The only remaining controversy (that I can tell) is the aliasing of
characters between the three major east asian languages. From what I'm
told, people in those countries don't seem to care about the subtle
problems that causes (you can't quote one language within another
unless you use some meta data, like a font change), and have gone full
steam ahead with dropping Big5 and adopting Unicode pretty pervasively.

You think they'll run out in 5 years? Personally, I think they're
done.

P.J. Plauger · Nov 19, 2005

The only remaining controversy (that I can tell) is the aliasing of
characters between the three major east asian languages. From what I'm
told, people in those countries don't seem to care about the subtle
problems that causes (you can't quote one language within another
unless you use some meta data, like a font change), and have gone full
steam ahead with dropping Big5 and adopting Unicode pretty pervasively.

You think they'll run out in 5 years? Personally, I think they're
done.

Here's a coarse scale or two, just from personal experience.

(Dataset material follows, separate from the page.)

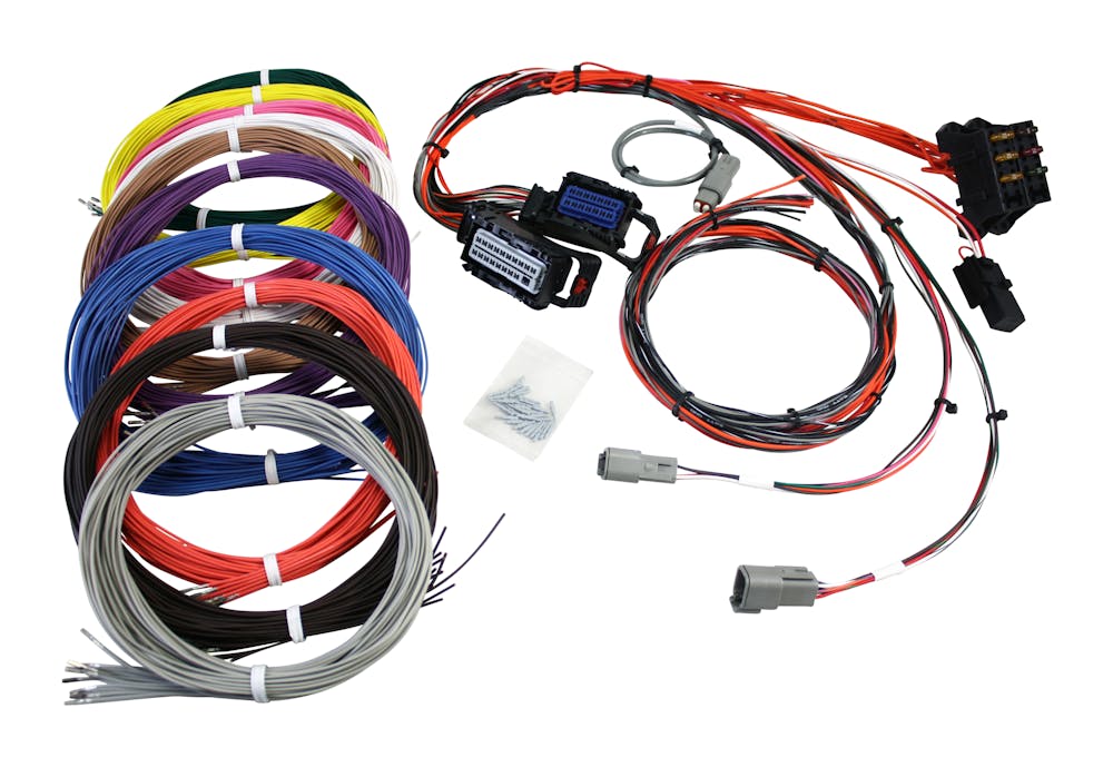 Infinity Series 7(PN: 30-7101, 30-7100, 30-7111) Harness. Pre-wired power, grounds, power relay, fuse box, dual widebands & AEMnet. 100 x 96 in terminated wires for population. 12 small Pins.

-- Number of address bits required to address a "large" memory:

1960 15 IBM 7090
1970 20 IBM 360
1980 25 VAX 11/780
1990 30 various
2000 35 various

-- Number of bits required to represent a (commonly used)
character set:

1960 6 numerous vendor-specific codes
1970 7 7-bit ASCII
1980 8 extended ASCII
1990 16 DBCS and others
2000 21 Unicode

I could make a similar table of "barely adequate" communication
speeds, which also continue to expand exponentially.

So long as you think in terms of linear increases in demand
for bytes or characters, it's easy to believe at each stage
that you're through expanding. After all, you currently have
a bit of headroom, and what possible need can there be for
much larger programs/character sets?

I personally can't imagine that people will ever want to
define common attribute bits for, say:

-- roman, italic, bold, underscore
-- red, green, blue
-- point size
-- font

But if we did, each attribute bit would double the number
of effective character codes, wouldn't it?

Nor can I imagine that a large government like China might
thumb its nose at an international standard and, say,
require a parallel set of many ISO 10646 codes.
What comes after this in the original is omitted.